Kata sapaan dalam masyarakat adalah kata-kata yang digunakan untuk menyapa orang atau anak yang tidak mempunyai hubungan keluarga. Kata sapaan yang digunakan sebagai penyapa dalam masyarakat umumnya sama

dengan sapaan dalam persaudaraan langsung. Kata sapaan dalam masyarakat tersebut berdasarkan sapaan tingkat usia, sapaan gelar agama, sapaan jabatan/gelar, dan sapaan penggolongan kata.

1. Sapaan berdasarkan tingkat usia a) Sapaan untuk orang yang lebih tua

Untuk orang yang lebih tua digunakan kata sapaan kakek, nenek, paman, dan bibi.

b) Sapaan untuk orang yang lebih muda

Dalam masyarakat untuk menyapa orang atau yang lebih muda dengan menyebut nama saja. Kalau orang yang lebih muda tersebut sudah menikah, orang tersebut biasanya akan disapa dengan nama saja. Untuk yang masih anak-anak baik laki-laki maupun perempuan akan disapa dengan adik atau dipanggil nama.

c) Sapaan untuk orang yang sebaya

Sapaan untuk orang yang sebaya ada tiga maacam, yaitu penyapa untuk sama-sama tua, penyapa untuk sama-sama muda, dan penyapa untuk sama-sama anak-anak.

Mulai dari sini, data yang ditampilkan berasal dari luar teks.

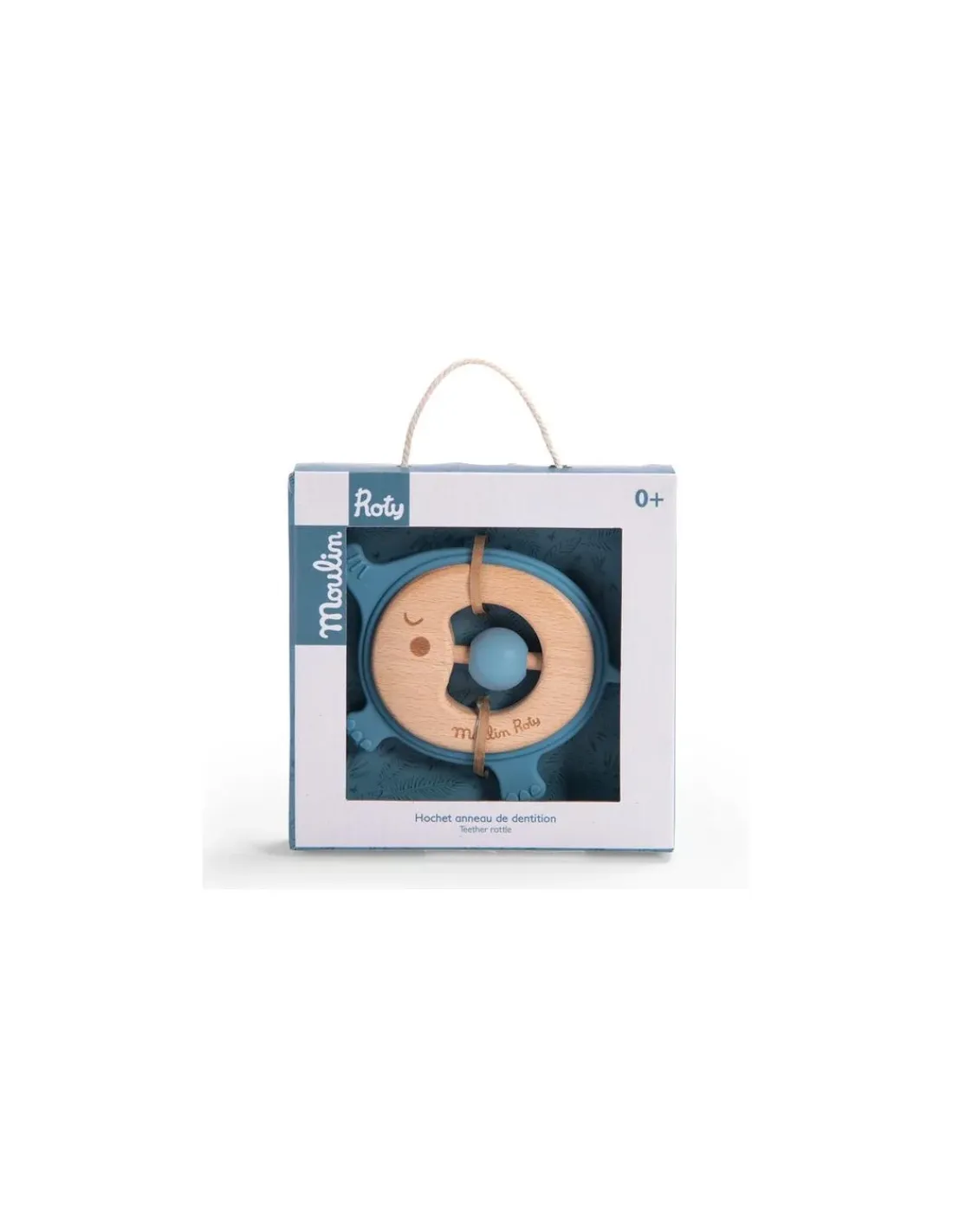 Découvrez le hochet anneau de dentition éléphant de la collection Sous mon Baobab de Moulin Roty, un jouet d’éveil en bois et en silicone qui accompagnera bébé au quotidien.

d) Sapaan untuk orang yang belum dikenal

Apabila seseorang terpaksa harus berbicara dengan orang yang belum dikenal, orang tersebut harus menyesuaikan dengan perbandingan umur antara pembicara dan lawan bicara.

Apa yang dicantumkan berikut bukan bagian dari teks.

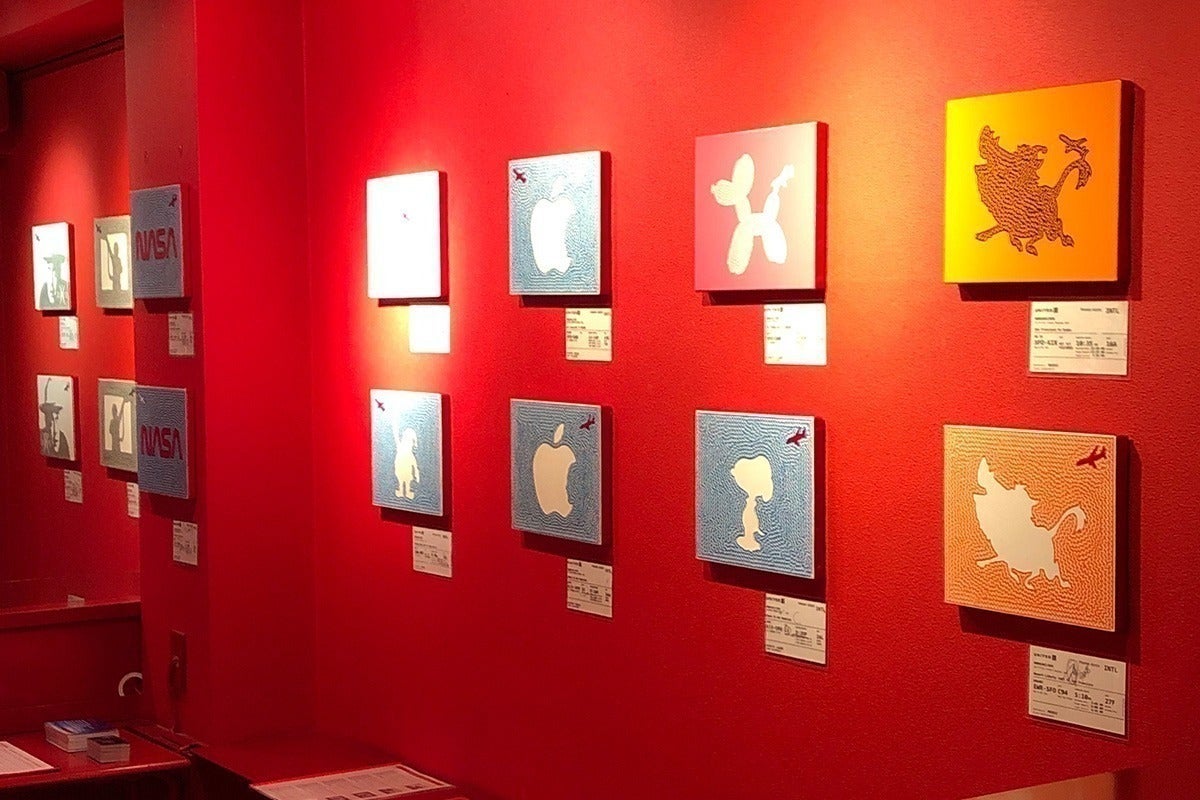「飛ぶ」をテーマにしたアートワーク「In-Flight Painting(IFP)」では、機内をアトリエに、雲を基本のモチーフにしつつ、そのフライトに所縁のあるキャラクターやランドマークを、浜崎特有の技法である迷路を用いて、1フライト1作品を制作しています。

2. Sapaan berdasarkan gelar agama a) Ustadz

Orang yang biasa bekerja sebagai penceramah dan berjenis kelamin laki-laki.

b) Ustadzah

Orang yang biasa bekerja sebagai penceramah dan berjenis kelamin perempuan.

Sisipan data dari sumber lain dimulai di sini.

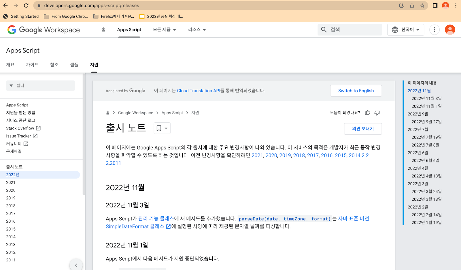 구글 앱스 스크립트가 계속 업데이트가 되고 있다는 점입니다.

3. Sapaan berdasarkan jabatan

4. Sapaan berdasarkan penggolongan kata a) Kata ganti orang pertama

b) kata ganti orang kedua b. Keluarga

Kata sapaan adalah kata-kata yang menunjukan hubungan atau kekerabatan dengan pihak pertama. Kata sapaan dalam keluarga atau hubungan kekeluargaan langsung di dalam masyarakat yaitu kata sapaan yang digunakan untuk menyapa seseorang yang masih memiliki garis keturunan.

Sapaan dalam keluarga adalah kata sapaan yang digunakan untuk menyapa orang-orang atau anak-anak yang masih mempunyai hubungan pesaudaraan langsung maupun tidak langsung. Persaudaraan langsung adalah persaudaraan yang disebabkan oleh sisilah keturunan, misalnya kakek, nenek, bapak, ibu, cucu, cicik, paman, mertua, ipar, saudara kandung, dan sepupu. Cara menyapa orang-orang tersebut disesuaikan dengan fungsi dan peran antara pembicara dan lawan bicara.

1. Kakek

Kata kakek berfungsi sebagai kata sapaan yang digunakan terhadap orang tua kandung laki-laki.

2. Nenek

Kata nenek berfungi sebagai kata sapaan yang digunakan terhadap orang tua kandung perempuan.

3. Bapak

Kata bapak yang berfungsi sebagai kata sapaan digunakan terhadap oreang tua laki- laki.

4. Ibu

Kata ibu yang berfungsi sebagai kata sapaan digunakan terhadap orang tua perempuan, atau yang dianggap sebagai orang tua perempuan kandung.

5. Cucu

Kata cucu yang berfungsi sebagai kata sapaan yang digunakan nenek dan kakek.

6. Cicik

Kata cicik yang berfungsi sebagai kata sapaan yang digunakan buyut.

7. Paman

Kata paman yang berfungsi sebagai kata sapaan yang digunakan oleh anak dari saudaranya.

8. Mertua

Kata mertua yang berfungsi sebagai kata sapaan yang digunakan oleh menantu.

9. Ipar

Kata ipar yang berfungsi sebagai kata sapaan yang digunakan oleh saudara dari istri atau suami.

10. Saudara kandung

Kata saudara kandung berfungsi sebagai kata sapaan yang digunakan oleh kakak atau adik.

11. Sepupu

Kata sepupu berfungsi sebagai kata sapaan yang digunakan oleh anak dari saudara ibu atau bapak.